"Unknown Allegory . . . " by Brian Kershisnik |
Holiness is in the eye of the beholder. As I took the sacrament yesterday, I thought about how Jesus turned water to wine, and Joseph Smith turned it back into water. Both acts were, I think, gestures toward acknowledging the holiness of common things.
The thing is, Jesus turns water to wine every day. “I am the
true vine,” He said. Wine is water which has passed through the vine. Jesus is
the Creator. This is what He does. He breathes miracles. Everything He touches
turns green and buds and blossoms and changes. He can change hearts and souls. Of
course He can make the extravagant, impossible move of generating fifteen firkins
of the finest, holiest wine from six regular barrels filled with liquid made of
two parts hydrogen for each part oxygen. Of course.
But the theology of Joseph Smith is one which acknowledges
that so can man. Harold Bloom, that old poetic-religious atheist, called Joseph
a religious genius, and I think his genius lies in his vision of mankind as
holy and of the universal availability of sacred experience. The revelation
that changed wine back into water is found in the Doctrine and Covenants. The
historical background for section 27 reads like this:
Revelation
given to Joseph Smith the Prophet, at Harmony, Pennsylvania, August 1830. In
preparation for a religious service at which the sacrament of bread and wine
was to be administered, Joseph set out to procure wine. He was met by a
heavenly messenger and received this revelation, a portion of which was written
at the time and the remainder in the September following. Water is now used
instead of wine in the sacramental services of the Church.

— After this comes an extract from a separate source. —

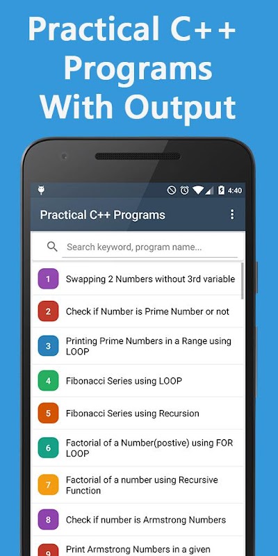 Practical Programs: Intermediate C++ Programs with output for beginners and students. These programs are generally asked in University Practical Examinations
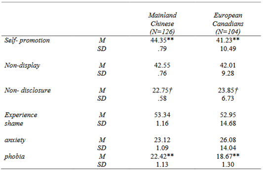 Hypothesis 2: Cultural differences are expected to emerge across the three facets of perfectionistic self-presentations, as well as in levels of shame, and social anxiety or social phobia. Specifically, individuals from Mainland China would be anticipated to report higher levels of perfectionistic self-promotion and greater experiences of shame than their Euro-Canadians. In contrast, Mainland Chinese participants would be expected to report lower levels of nondisplay and nondisclosure imperfections than European Canadians. This may be because European Canadians who strive to appear flawless and actively avoid revealing imperfections may experience greater psychological strain in challenging interpersonal situations, leading to heightened anxiety, fear, and avoidance behaviors. Moreover, shame is generally regarded as a maladaptive emotion in Western cultural contexts, whereas in Eastern cultures such as China, shame is often considered a more adaptive and socially regulating emotion. Consequently, these cultural distinctions are expected to contribute to systematic differences across perfectionistic self-presentation, shame, social anxiety and social phobia related outcomes.

What the angel actually said, using the words of Jesus, was
this: “I say unto you, that it mattereth not what ye shall eat or what ye shall
drink when ye partake of the sacrament, if it so be that ye do it with an eye
single to my glory—remembering unto the Father my body which was laid down for
you, and my blood which was shed for the remission of your sins.” Eat donuts or
tortillas, but think of me, and it is sacred. So yesterday I ate store-bought
white bread and drank water from the tap, and I remembered Jesus. And it was a
sanctifying sacred experience. Think of the implications: holiness is what you
find in your pantry at home. It is what you water your lawn with. It struck me and
stayed in my mind this week the way the water looked as it came out of the hose
onto the sunbaked lawn and dirt. It was perfectly clear until it reflected back
the high sun and became a resplendent glory, the rounded edges of water looking
liquid and eternal before they sank into the earth and became just mud and wet
yellow grass. Holy mud and holy yellow grass.
Wine is holy, yes, but there’s a holiness in water, too.
Simpler and more ubiquitous, but perhaps no less exquisite. It is the stuff of
rain and tears. Something to swallow the pills. Walk into the world and listen
to the swallows spill their songs to the clouds, harbingers of holiness. And
see the miracle. Taste the wine in the water.